Надин прикоснулась к руке больного. Лави открыла рот и нахмурилась. Прикасаться к людям разрешалось лишь в самых редких случаях, потому что при этом нильфийки теряли много сил. Лави за весь день еще ни к кому не прикоснулась. После пыльцы люди становились добрее, и этого было достаточно.
Кристофер вдруг закрыл глаза и попытался принять сидячее положение. Мышцы на его лице напряглись, лицо побагровело, он сдался и упал обратно на подушки. На его лице проступил пот, он отдышался и сглотнул.
− Да пошло оно все к черту! Ненавижу! − Сквозь зубы прошипел он.
Его лицо разгладилось, и только сейчас Лави обратила внимание на его глаза цвета неба, на правильные черты и густые темные волосы. Внешне он был весьма привлекателен.
− Вера, давай сюда! Я не справляюсь! − Крикнула Надин. − До чего же вредные люди, − сморщила она свой миниатюрный носик.
«Мда, хорошо, что люди не видят и не слышат нас», − пронеслось в голове Лави. «Хотя, нет. Один все-таки видит, но не всех, а только меня. И это Оливер».
Рассказать об этом бабушке или Равни у Лави язык не повернулся, и она просто похоронила это в памяти. Гляди, еще накажут за то, что она заговорила с человеком! Возможно, этого Оливера вообще нет среди живых. Но об этом Лави думать не желала, потому что в груди сразу разрасталась боль.
Между бровей Надин пролегла складка. Она снова прикоснулась к руке Кристофера, но он, похоже, не поддавался внушению нильфийки Надежды.
− Вера, ну где ты там? − Снова выкрикнула Надин.
В палату вплыла Вера и подмигнула Лави.
Вера была высокой и стройной. Ее светлые волосы, достающие до пояса, казались в Ангардории каким-то чудом света. Они были гладкими, длинными и шелковистыми. Серые, словно серебро, глаза смотрели с теплотой и нежностью.

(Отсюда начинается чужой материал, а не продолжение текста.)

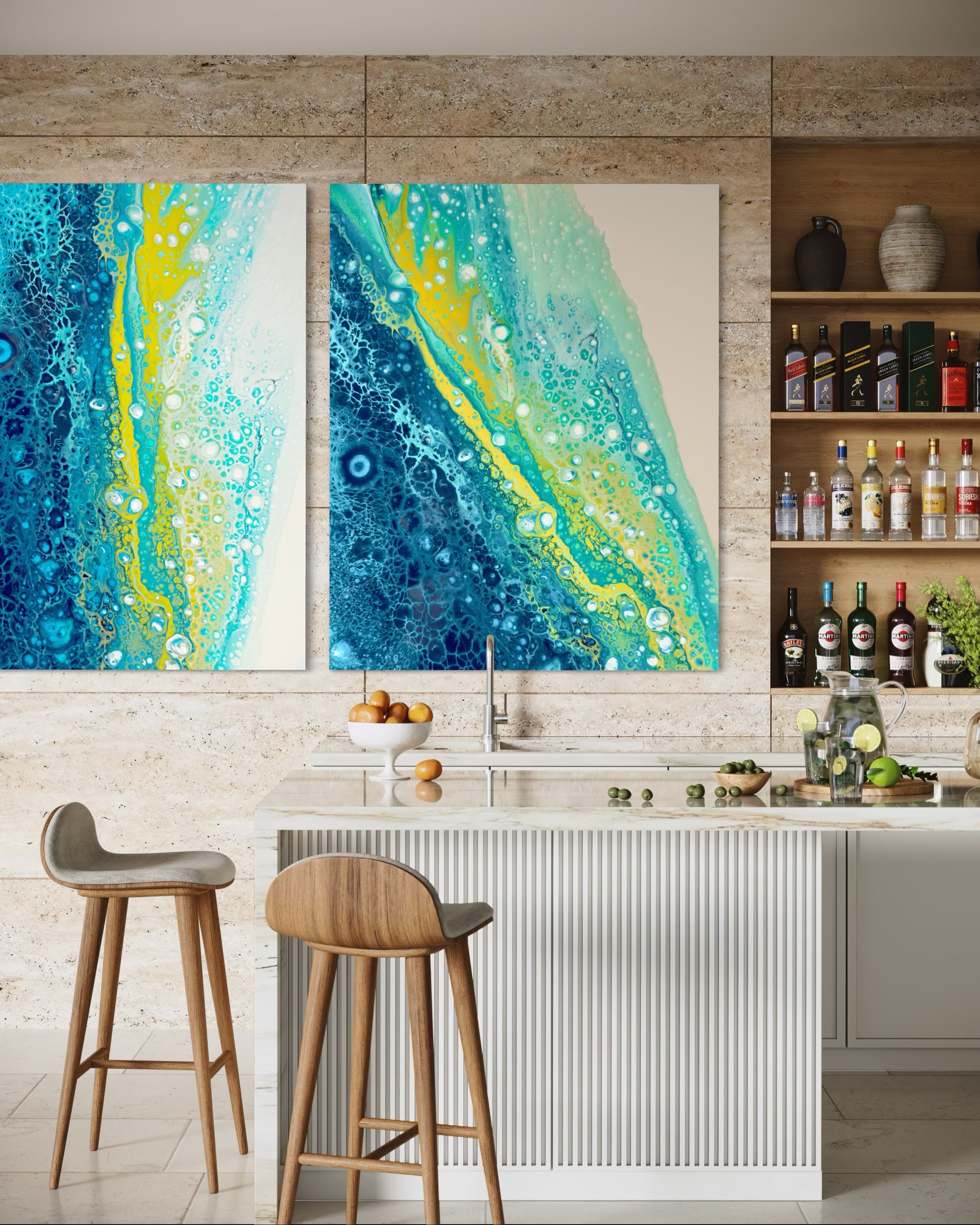 RISING CURRENT & TIDAL LIGHT - Gallery Set of Two Prints (canvas print) - This two-piece gallery set — Rising Current and Tidal Light — captures the soft meeting point of sea and sky. Layered hues of deep indigo, turquoise, and gentle gold flow together in a tranquil rhythm that brings balance and quiet energy to any space.

− Давно ты здесь караулишь? − Поинтересовалась она. Надин резко обернулась и улыбнулась.
− Нет, недавно. Прости, что так незаметно подкралась, − она обратилась к Надин и широко зевнула. − Захотелось постоять здесь рядом и отдохнуть.
Подруги одновременно переглянулись и пристально посмотрели на нее.
− Выглядишь ты неважно, − пробормотала Вера. − Ты хорошо спишь?
− Когда как, − честно ответила Лави. − Но думаю, дело не во сне, а в Обряде.
Вера понимающе кивнула. Сама она, как и Надин, прошли Обряд двумя месяцами раньше.
Кристофер застонал в постели, и Вера с Надин поспешили к нему.
− Понимаешь теперь, почему Равни не ставит нас в тройку? − Пробормотала Надин. − Мы же можем болтать часами напролет!
Лави подавила улыбку. Болтать часами напролет могла Надин, но Лави, конечно, же промолчала.
Вера взяла Кристофера за правую руку, Надин − за левую. Полупрозрачные крылья раскинулись в разные стороны. Они обе прикрыли глаза.
Кристофер по-прежнему лежал неподвижно, а потом вдруг расслабился на громоздкой кровати.
Лави взмахнула своими крыльями, подлетела к ним и прикоснулась ладонью ко лбу мужчины. Единственное, чего ей хотелось − завалиться на кровать, но развернуться и улететь она не могла. Этот человек потерял веру и надежду, пребывал в отчаянье и не желал жить.
В голове снова вспыхнуло воспоминание об Оливере. «Интересно, если он смог разглядеть меня за пыльцой, то сможет ли кто-то еще?». Вот этого ей почему-то не хотелось! Если люди смогут видеть нильфиек, то ничего хорошего не выйдет. Лавур говорила, что люди жестоки и от них нужно держаться подальше, но как обычно не сказала − почему.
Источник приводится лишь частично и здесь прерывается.